-- EXERCISE REQUIREMENTS --
At the line containing "3種類の柄がそれぞれ10枚づつ、30枚入りの不織布マスクです。", begin an exact copy of the lines below and continue through the final one, with no pictures.

-- DATA SHOWN --
+ + + +

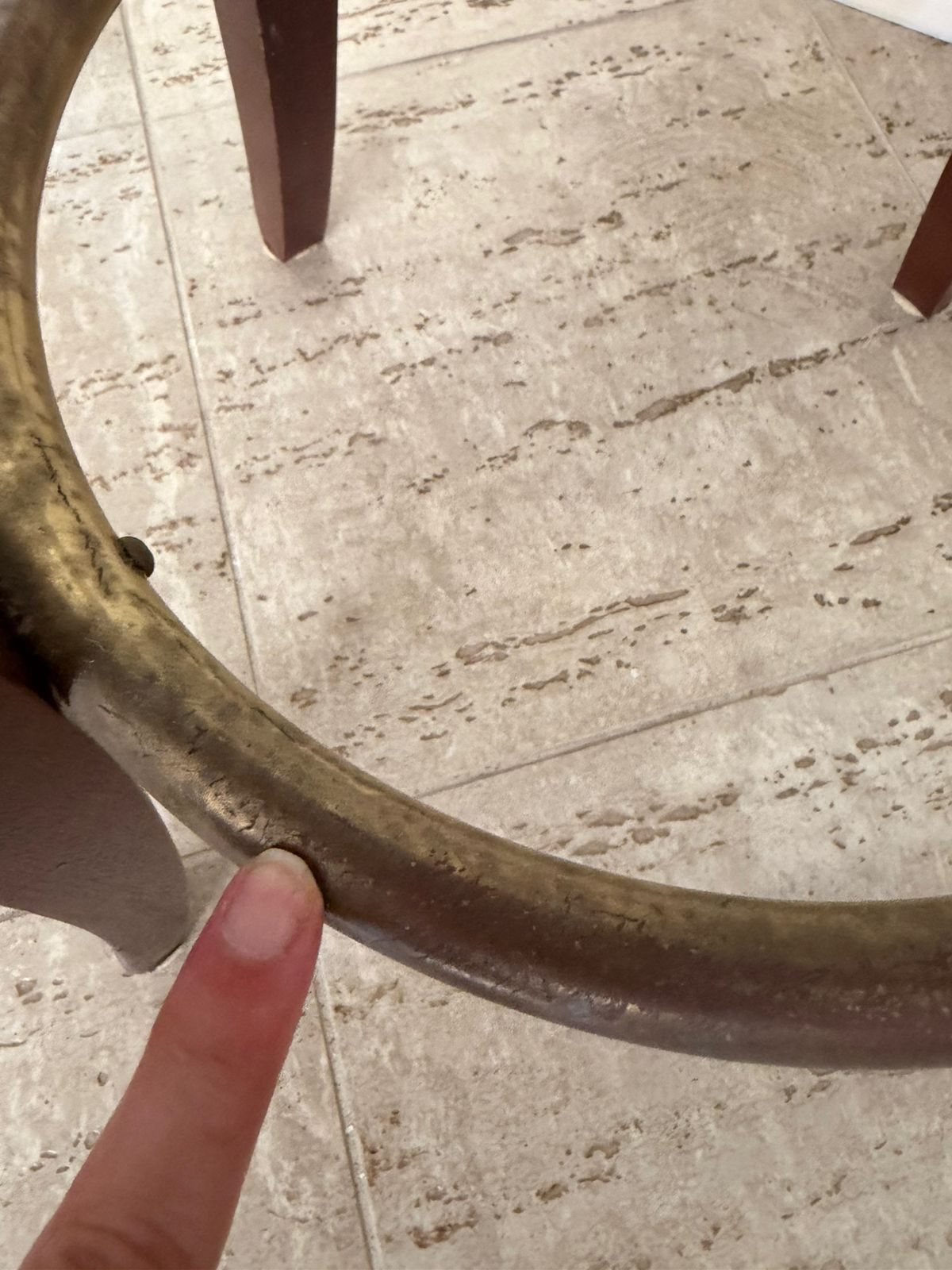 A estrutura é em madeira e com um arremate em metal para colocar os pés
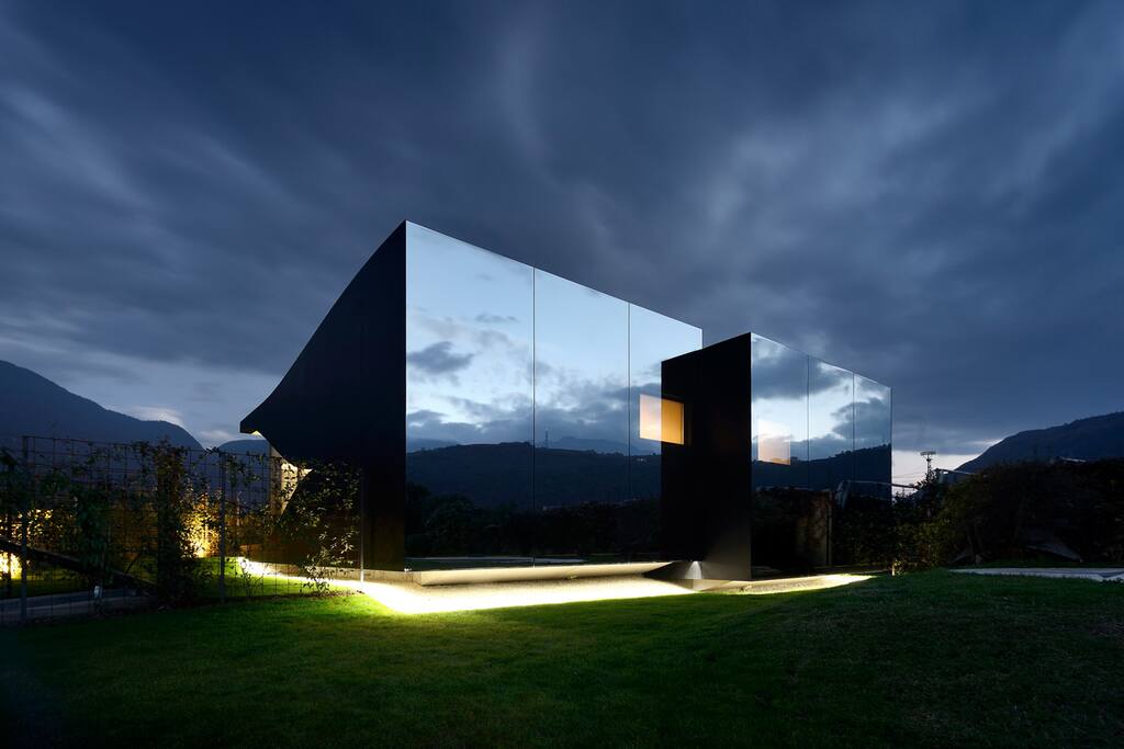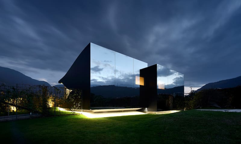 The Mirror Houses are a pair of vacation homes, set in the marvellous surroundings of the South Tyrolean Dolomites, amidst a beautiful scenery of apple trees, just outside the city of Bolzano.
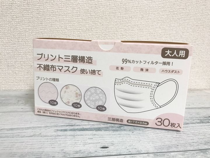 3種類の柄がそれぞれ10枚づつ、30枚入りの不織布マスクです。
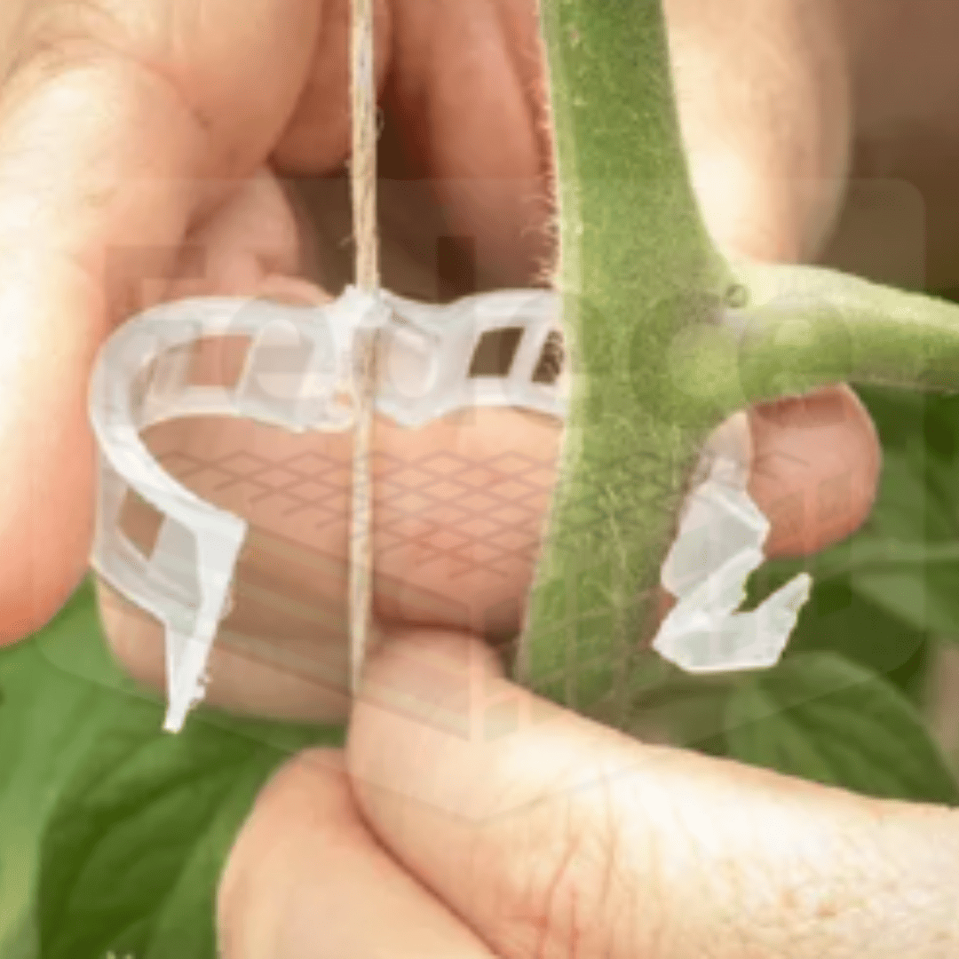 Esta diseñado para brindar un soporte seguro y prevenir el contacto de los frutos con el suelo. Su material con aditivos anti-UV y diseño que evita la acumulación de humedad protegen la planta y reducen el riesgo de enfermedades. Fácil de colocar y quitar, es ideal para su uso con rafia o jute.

+ + + +

-- RESPONSE FOR THIS EXERCISE --
 3種類の柄がそれぞれ10枚づつ、30枚入りの不織布マスクです。
 Esta diseñado para brindar un soporte seguro y prevenir el contacto de los frutos con el suelo. Su material con aditivos anti-UV y diseño que evita la acumulación de humedad protegen la planta y reducen el riesgo de enfermedades. Fácil de colocar y quitar, es ideal para su uso con rafia o jute.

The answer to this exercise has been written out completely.